Even some of the pros felt the need to weigh in. Travel agent Linda says she's fighting a losing battle when it comes to putting more derrieres in the seats of Stewart flights, given existing routes and fare structures.

Most of the correspondence ended this way — we use Stewart when it comes close to the New York metro airports in terms of price and desired flight times.

The airport does have its staunch defenders.

Harvey told me that if you're headed to the Sunshine State, Stewart consistently beats the metro New York airports when parking and the ever-rising cost of gas are factored in. And Harvey's e-mail also contained this nugget — the folks at Stewart are friendlier.
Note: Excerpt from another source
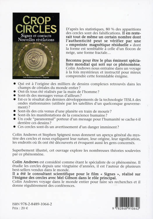 D'après les statistiques, 80 % des apparitions des cercles sont des falsifications. Il en resterait tout de même un certain nombre dont l'authenticité peut se vérifier par une " empreinte magnétique résiduelle " dont la forme est semblable à celle d'un flocon de neige, une forme fractale... Reconnu pour être le plus éminent spécialiste mondial qui soit sur ce phénomène, Colin Andrews nous entraîne dans un voyage à la fois mystérieux et instructif pour mieux comprendre cette formidable énigme. Qui est à l'origine des milliers de dessins complexes retrouvés dans les champs de céréales du monde entier ? Ont-ils tous été réalisés par la main de l'homme ? Sont-ils des messages venus d'ailleurs ? Est-ce le résultat des derniers développements de la technologie TESLA des ondes stationnaires (utilisée par les satellites d'un quelconque gouvernement) ? Sont-ils des cris venus d'une planète en train de mourir ? Sont-ils les manifestations de la conscience humaine ? Un code "paranormal" porteur d'un message pour l'humanité se cache-t-il derrière ces dessins ? Ces cercles sont-ils un avertissement d'un danger imminent ? Colin Andrews et Stephen Spignesi nous donnent un aperçu général du mystère des cercles et nous expliquent leur nature, leur origine, leur signification, les endroits où ils ont été découverts et évoquent aussi les gens concernés. Superbement illustré, cet ouvrage explore les nombreuses théories soulevées par ce phénomène.

Negative comments play like a broken record in the ears of Stewart General Manager Richard Heslin, who can recite, chapter and verse, all the fare and destination complaints.

But he's quick to point out Stewart's 2011 passenger numbers — the highest since 2008. Then there's the long-term capital commitment the Port Authority has made to the airport.

And Heslin says PA personnel never miss an opportunity to talk up Stewart's pluses to passenger providers.

There's no questioning the potential. A Goshen travel consultant put it this way — only a few people love you enough to take you to JFK or Newark, but you'll always be able to get a lift to Newburgh.

The latest marketing push includes an incentive program for any airline that adds Stewart flights. They'll get discounts on airport rents and user fees, help with advertising and reductions on ground handling charges. Existing Stewart carriers JetBlue, Delta and U.S. Airways Express can also take advantage if they begin offering flights to places other than Orlando, Fort Lauderdale, Atlanta, Detroit and Philadelphia.

My email inbox provided me a chance to hear from frustrated travelers eager to see Stewart grow.

The comments brought to mind newspaper editor Horace Greeley and the phrase he used to promote America's expansion — go West, young man. Now, if only the Port Authority can convince a few airlines to do the same.